Original article can be found here (source): Deep Learning on Medium
The dataset consisted of 73 posterior-anterior (PA) chest x-ray from patients with Covid-19 and 73 PA chest x-ray from patients with non-covid pneumonia for a total of 146 total images.
Covid-19 images were taken from a number of sources including an Italian radiology website discussing 60 Covid-19 cases and research articles found on Pubmed. The non-covid pneumonia images were taken from the training images in the RSNA Pneumonia Detection Challenge on Kaggle. Note there is another nicely labeled pneumonia dataset available on Kaggle, but I believe using it in this setting to be a mistake due to its pediatric population. CXRs of adults and children are quite easily distinguishable, particularly in the pattern of the rib cage and its possible the algorithm will distinguish classes using this feature rather than ones intrinsic to the disease.
Let us take a look at some sample data.
As you can see the 2 classes look quite similar.
Transfer Learning ResNet34:
Transfer learning was used to accommodate for the small dataset. ResNet34 was chosen as the foundation of the model architecture and trained for 7 epochs with the results below:
The validation accuracy is about 86%.
The confusion matrix for the validation set shows only 4 errors are being made on 29 images!

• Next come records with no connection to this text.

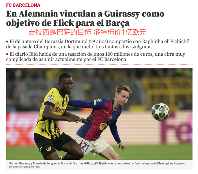 《图片报》指出,巴萨主帅弗里克非常欣赏吉拉西。29岁的吉拉西,是2024-25赛季欧冠金靴(打进13球,与拉菲尼亚并列)。吉拉西身高1米87,身体素质出色,擅长反击中的冲刺跑 、反跑。去年夏天,吉拉西以1800万欧元加盟多特,1年多来56场赛事 打进43球,效率极高。
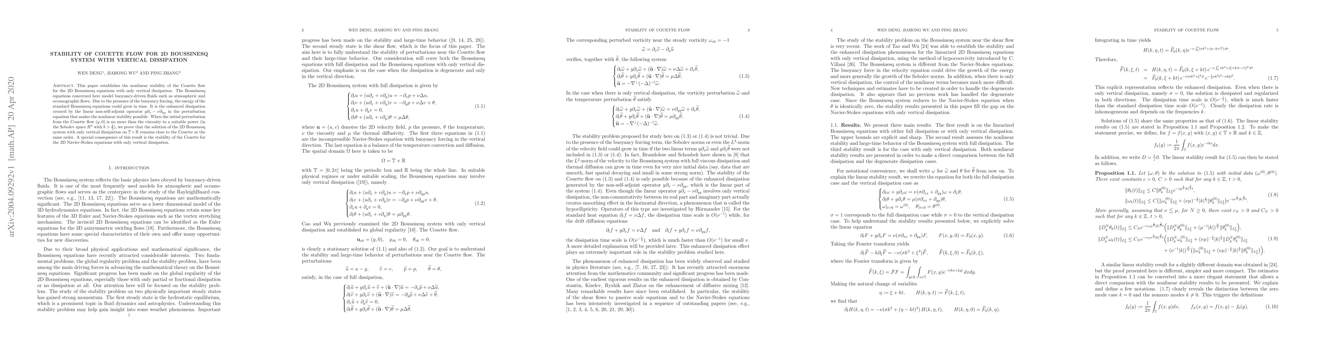 This paper proves the nonlinear stability of Couette flow for the 2D Boussinesq system with vertical dissipation, demonstrating that small perturbations remain close to the Couette flow due to enhanced dissipation. The stability extends to the 2D Navier-Stokes equations with only vertical dissipation.
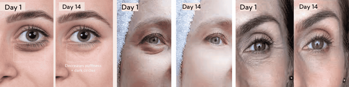 10 minutes a day for several weeks to Firm and refine puffy under-eye bags; Diminish dark circles and brighten tired eyes; Visibly reduce fine lines and wrinkles. Gentle and safe for all skin types
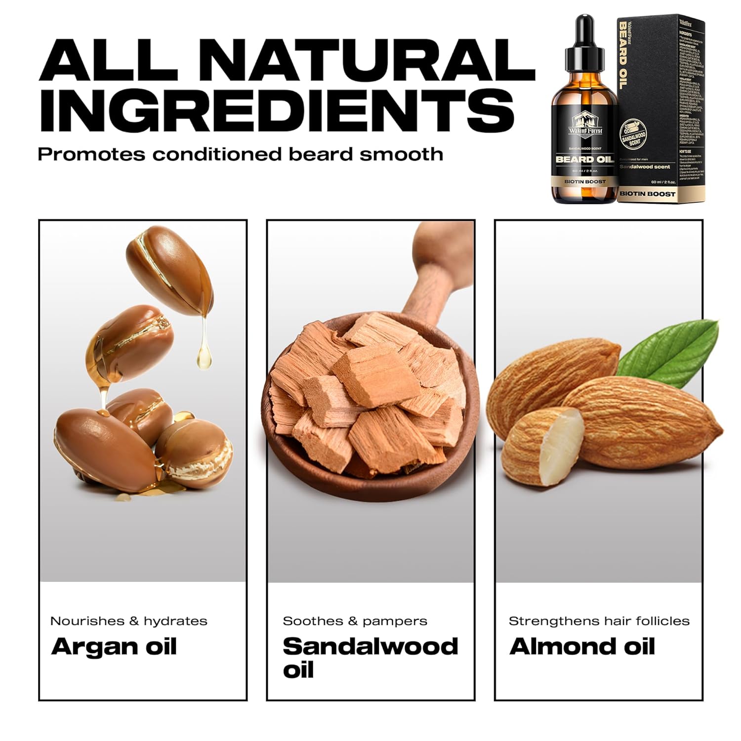- Natural Ingredients: Beard care, the way nature intended; Dive into hydration with Argania and Almond, moisturize deeply with Castor, and shield with Vitamin E; As Sandalwood beard oil relaxes, Rosemary energizes; For the man committed to a natural beard journey
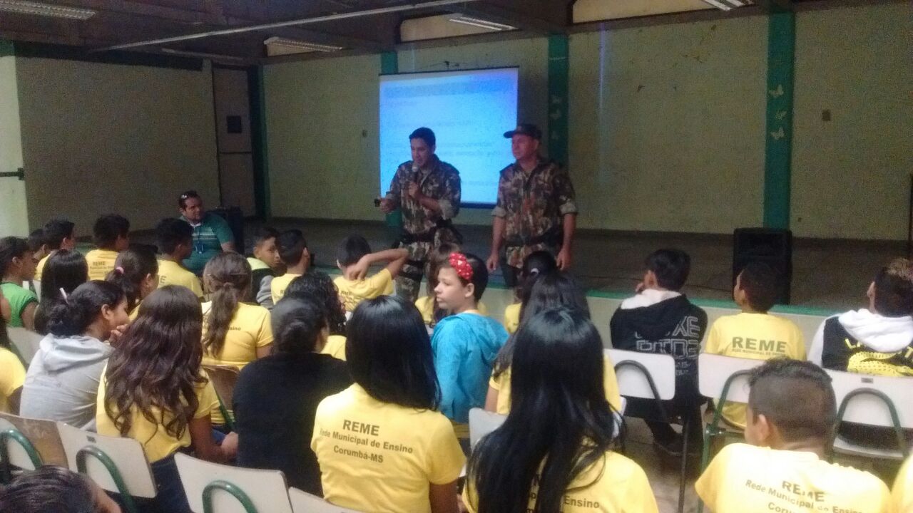 Campo Grande (MS) – Policiais Militares Ambientais de Corumbá realizaram palestras sobre temas ambientais para alunos do 6º a 9º ano do Centro de Atendimento Integral a Criança (CAIC) Padre Ernesto Sassida, totalizando 170 crianças e adolescentes
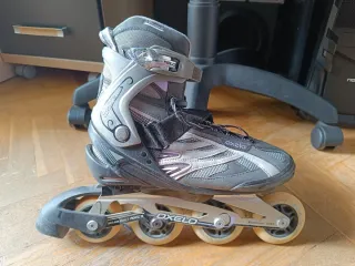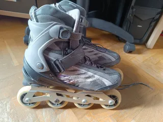 Patines en línea Oxelo en muy buen estado, talla 40 (25 cm). No son ajustables. Ruedas 76 mm 78A, freno trasero y cierres seguros (cordones + velcro + hebilla). Incluye: - Set completo de protecciones (muñequeras, coderas y rodilleras). - Mochila Oxelo para transportar los patines y el equipo. Todo limpio, cuidado y listo para usar. Ideal para iniciarse o retomar el patinaje. Entrega en zona Pirámides (Madrid).
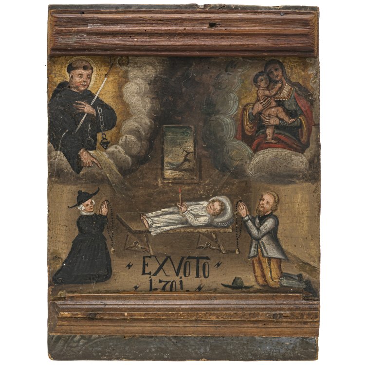 Alpenraum, dat. 1701. Gnadenbild Maria Hilf und Hl. Leonhard. Betende Votanten für erkranktes Kind. Tempera/Holz. 31,5 x 24 cm.
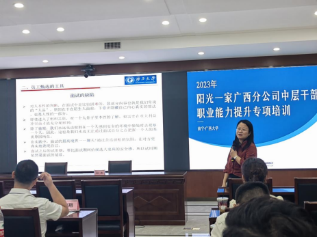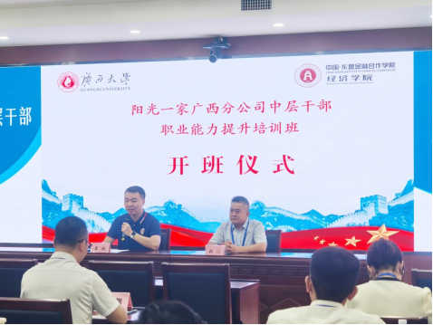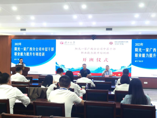 11月2-3日,公司承接的阳光一家广西分公司中层职业能力提升专题培训班正式开班。公司经理助理覃诚博士、阳光一家家庭综合保险销售服务有限公司广西分公司总经理张喆,出席开班仪式并分别致辞。共30名学员参加本次培训。

That is pretty good for such a small dataset.
Taking a closer look at mistakes, below and to the left is an example of a case of pneumonia the model was certain was Covid-19 and to the right a case of Covid-19 the model was certain to be pneumonia:
Next, let’s try fine tuning.
We unfreeze the layers of the network and allow them to vary with very small gradients. This allows the update of parameters to better suit the dataset while hopefully preventing overfitting.
We finetune for 2 epochs and our accuracy goes from 86% to 89.7%!